- **TASK**: Each line in the material below, starting at the one with "The Lawrence Linen" and ending at the one with "took grandkids Cole", is to be reproduced exactly; no picture is to be copied.

━━━━━ DATASET EXTRACT ━━━━━

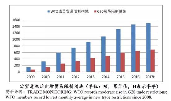 下图展示了最近几年贸易摩擦数据,也就是次贷危机以来新增的贸易限制措施和各种限制条件。考察贸易摩擦主要看G20,因为G20经济体量占全球90%,贸易占全球80%。从数据上看,G20之间贸易限制措施是增长的,因此全球贸易外部环境不乐观。
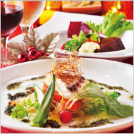 ●地ダコとホタテのマリネ ●産直野菜のバーニャカウダ ●フォアグラとナスのマリアージュ ●スズキのポワレ ニース風 ●牛ホホのミジョテ赤ワインソース ●サザエと木の子のペペロンチーノ ●クリスマス特別デザートプレート
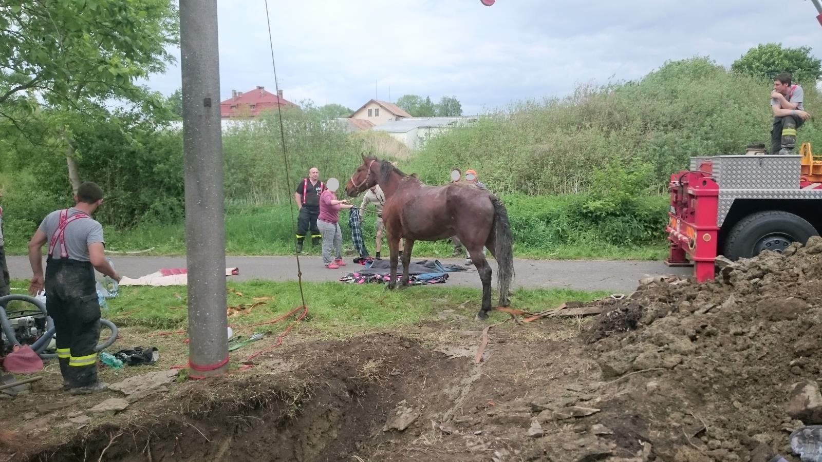 Hasiči zachránili koně spadlého do studny Náročný zásah trval několik hodin
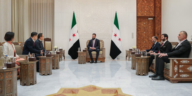التقى رئيس الجمهورية السيد أحمد الشرع يلتقي في قصر الشعب وفداً لرجال أعمال من جمهورية الصين الشعبية برئاسة السيد تشو ليجانغ المدير العام لشركة AOJ-TECHNOLOGY في منطقة الشرق الأوسط.
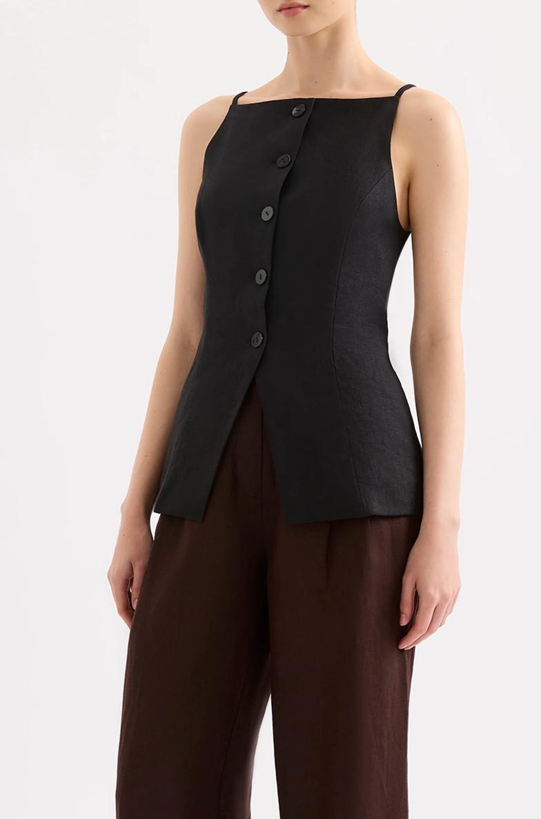 The Lawrence Linen Vest is made from 100% linen which has been washed for a soft, breathable hand feel. The silhouette is tailored and slim fitting with a button front opening. Features include a high, straight neckline, shell buttons and a split at front hem. This vest is fully lined.
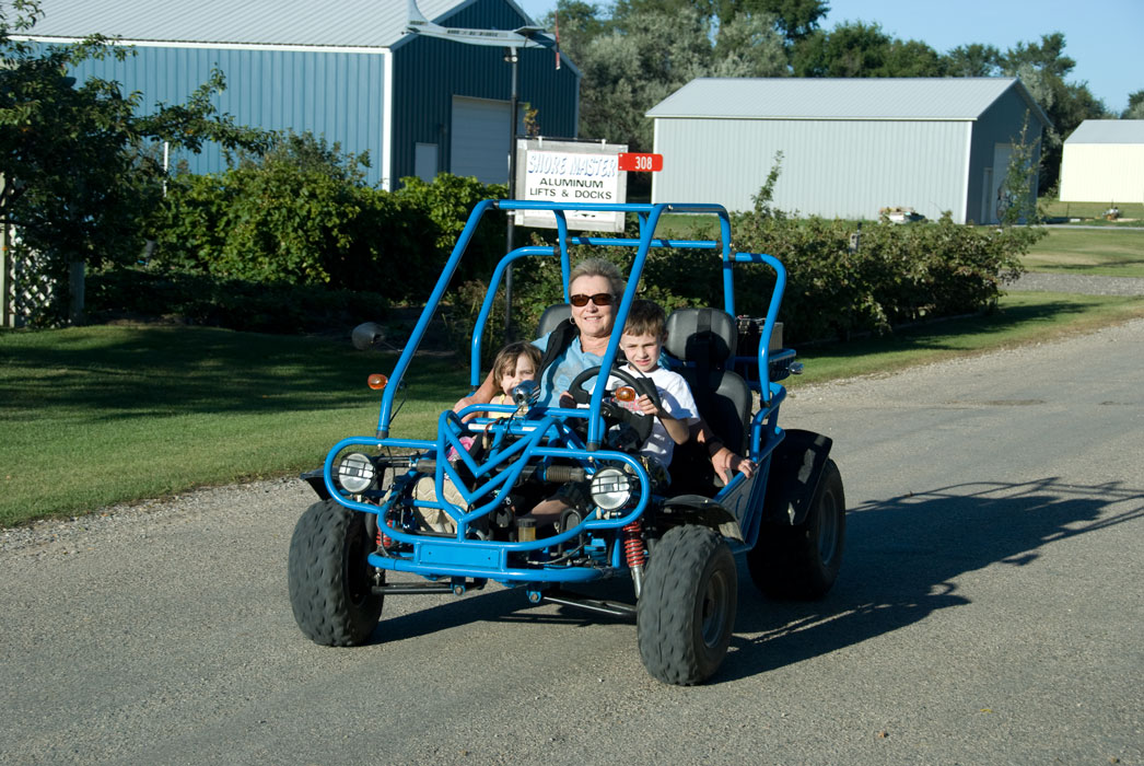 took grandkids Cole and Katy for a ride on the four-wheeler, with Cole doing
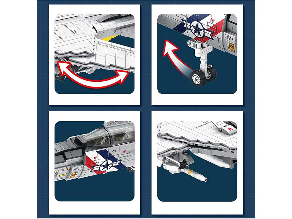 Konstruktorius F-14 Tomcat - tai amerikiečių viršgarsinis naikintuvas su dviem varikliais, dviem sėdynėmis, dviem uodegomis, lėktuvnešiams pritaikytais sparnais su kintamu nuolydžiu, leidžiančiu skristi bet kokiomis oro sąlygomis. Blokelius lengva sujungti, todėl jie yra saugūs ir patvarūs, o papildomos dekoratyvinės detalės daro žaidimą įdomesnį. Konstruktorius suteikia daugybę idėjų kūrybiniam žaidimui ir yra smagios mažiems ir dideliems konstruktoriams.
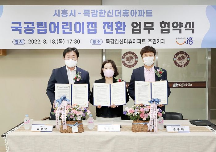 [한국기자연대] 시흥시는 지난 18일 목감한신더휴아파트 입주자대표회의와 단지 내 민간어린이집을 국공립으로 전환하는 업무 협약을 체결했다.
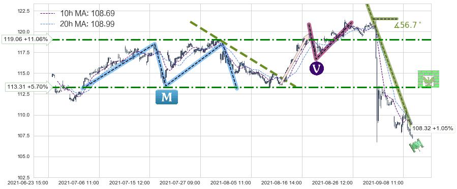 ♘ 阻力价格位113.31,可信任强度59.19%,距离最后交易2021-09-09 14:00形成的收盘价格107.20相差 +5.70%
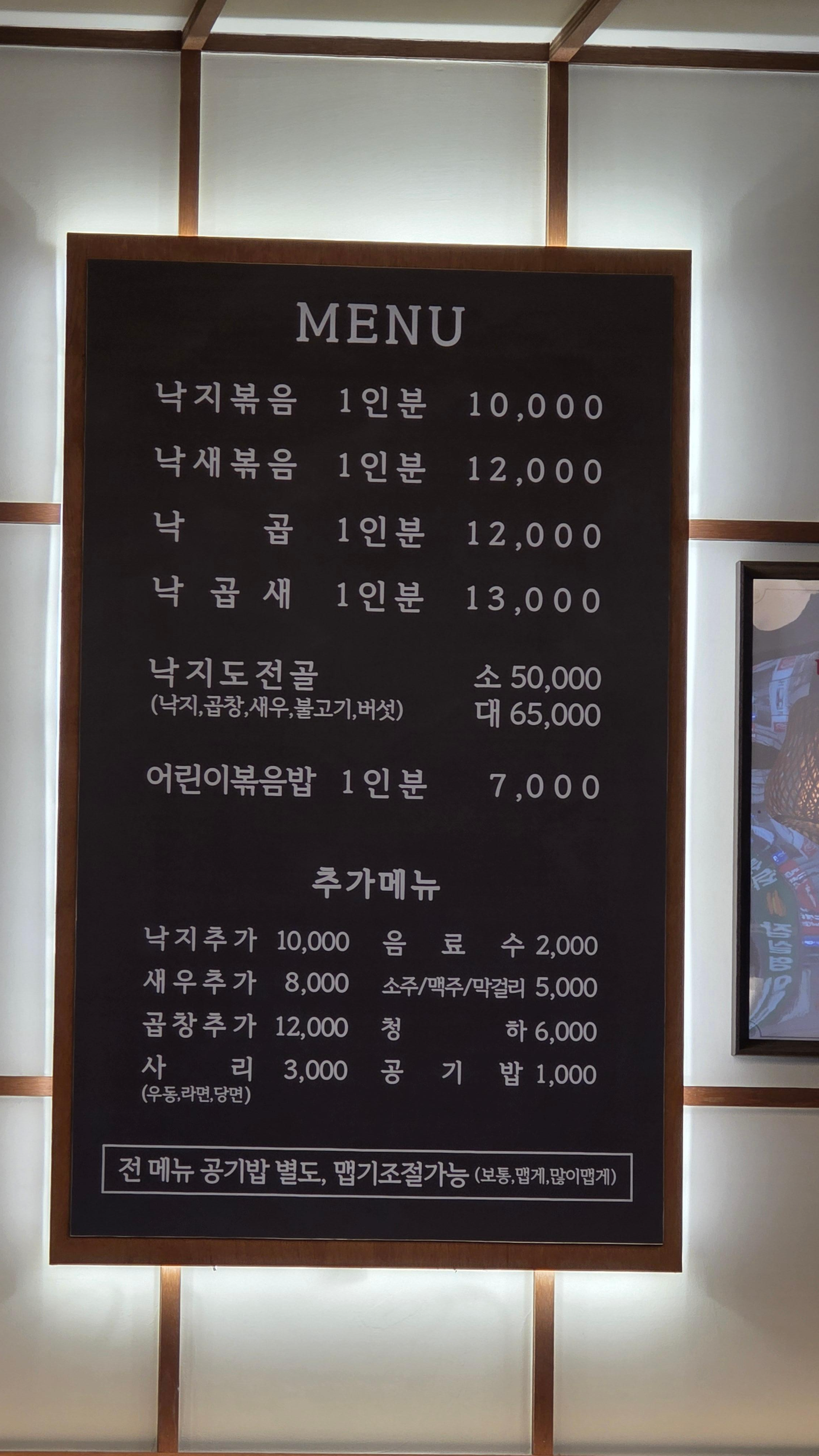 | 낙지도전골 | 50,000원 | 전골류, 낙지+곱창+소불고기 등 푸짐한 구성 |
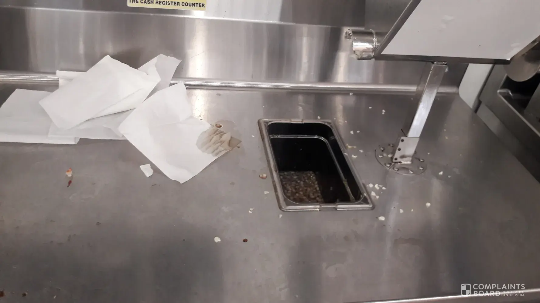 I am not a costumer, I am member since 1996 and today October 26 I was extremely surprised when I saw the state of carelessness in which the food court was. I think a corporation like you should never let something like this happen. I talked to a supervisor and I showed him the photos, I asked him if that condition was acceptable. Two minutes later he sent people to clean it. A lady that took with her bare hands the onions that were watered and then with a dry paper that she took from the cash register where she was helping, simply wipe the place, and a gentleman who swept 3 napkins that were on the floor and rested the napkins. They did not clean it!.
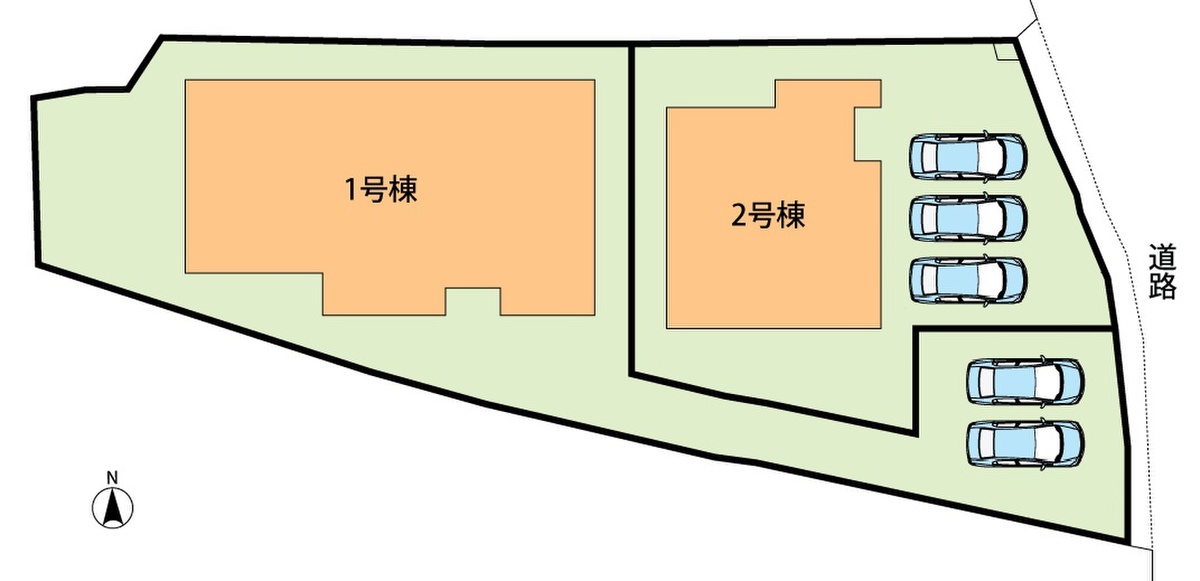 | 駐車場 | 2台 ~ 3台 | 道路の幅員 | 道路幅:2m~2.5m、アスファルト舗装、セットバック:(1号地)7.218m2、(2号地)9.85 |
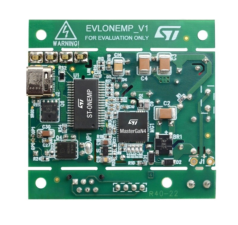 This board is based on ST-ONEMP, the world’s first digital controller embedding Arm® Cortex® M0+ core, an offline programmable controller with synchronous rectification, and USB PD PHY in a single package.
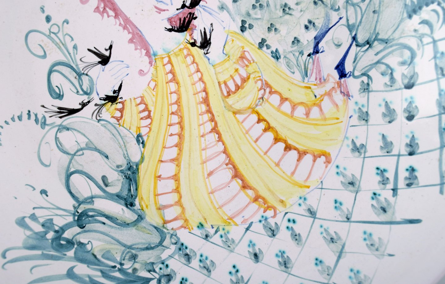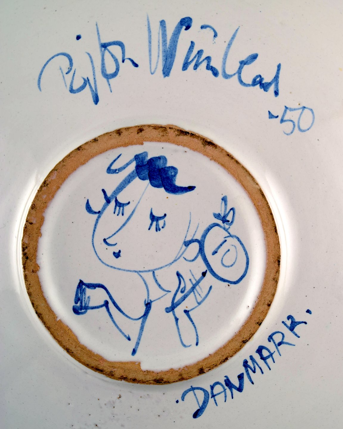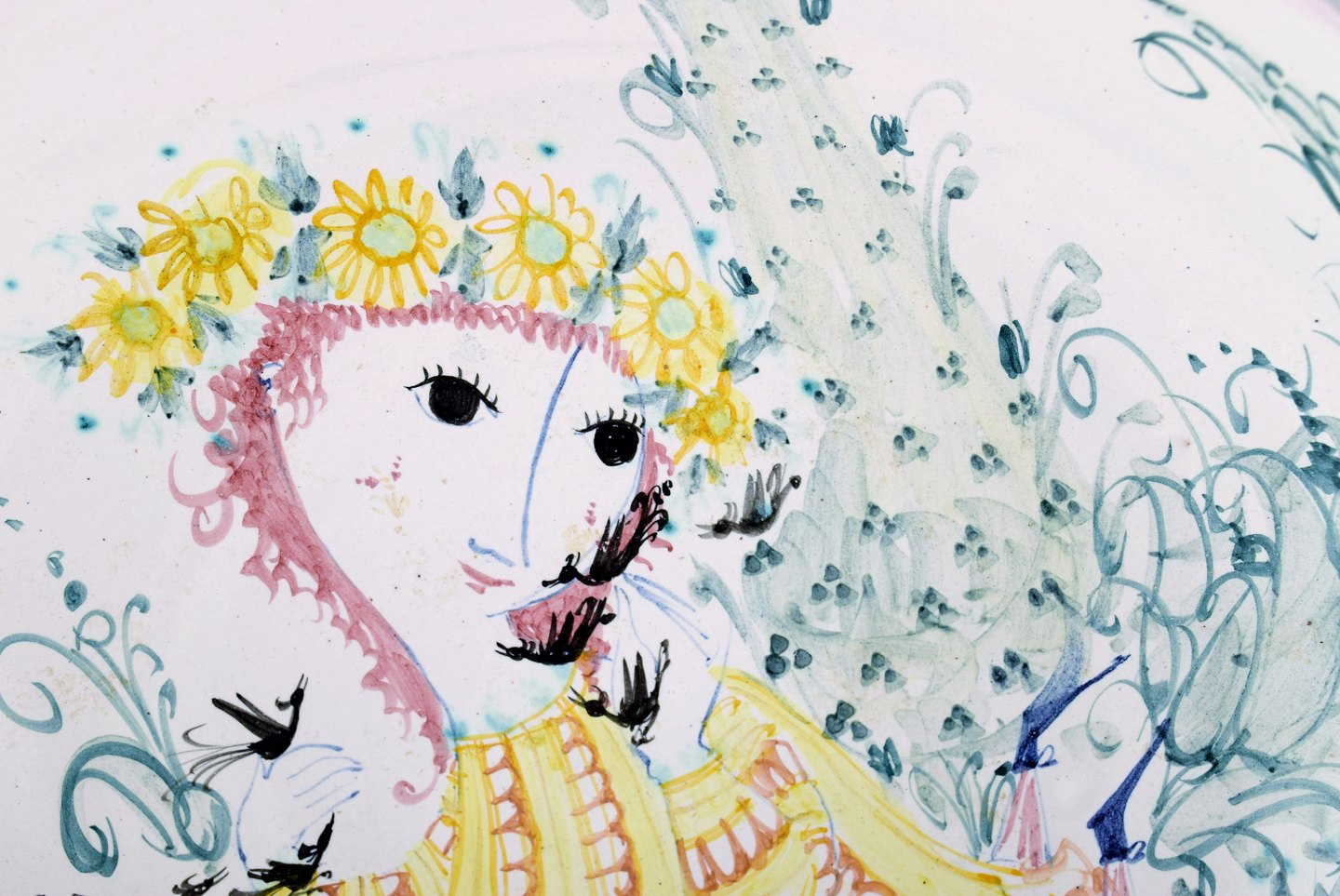 Bjørn Wiinblad, eget værksted: Sjælden og tidlig unika stor rund skål dekoreret med kvinde med blomster i håret i haven, Bjørn Wiinblad 50. Diameter : 30,5 cm. x 9 cm. dybt. I perfekt stand. Signeret 1950.

━━━━━

- **REPLY TO THE TASK**:
 The Lawrence Linen Vest is made from 100% linen which has been washed for a soft, breathable hand feel. The silhouette is tailored and slim fitting with a button front opening. Features include a high, straight neckline, shell buttons and a split at front hem. This vest is fully lined.
 took grandkids Cole and Katy for a ride on the four-wheeler, with Cole doing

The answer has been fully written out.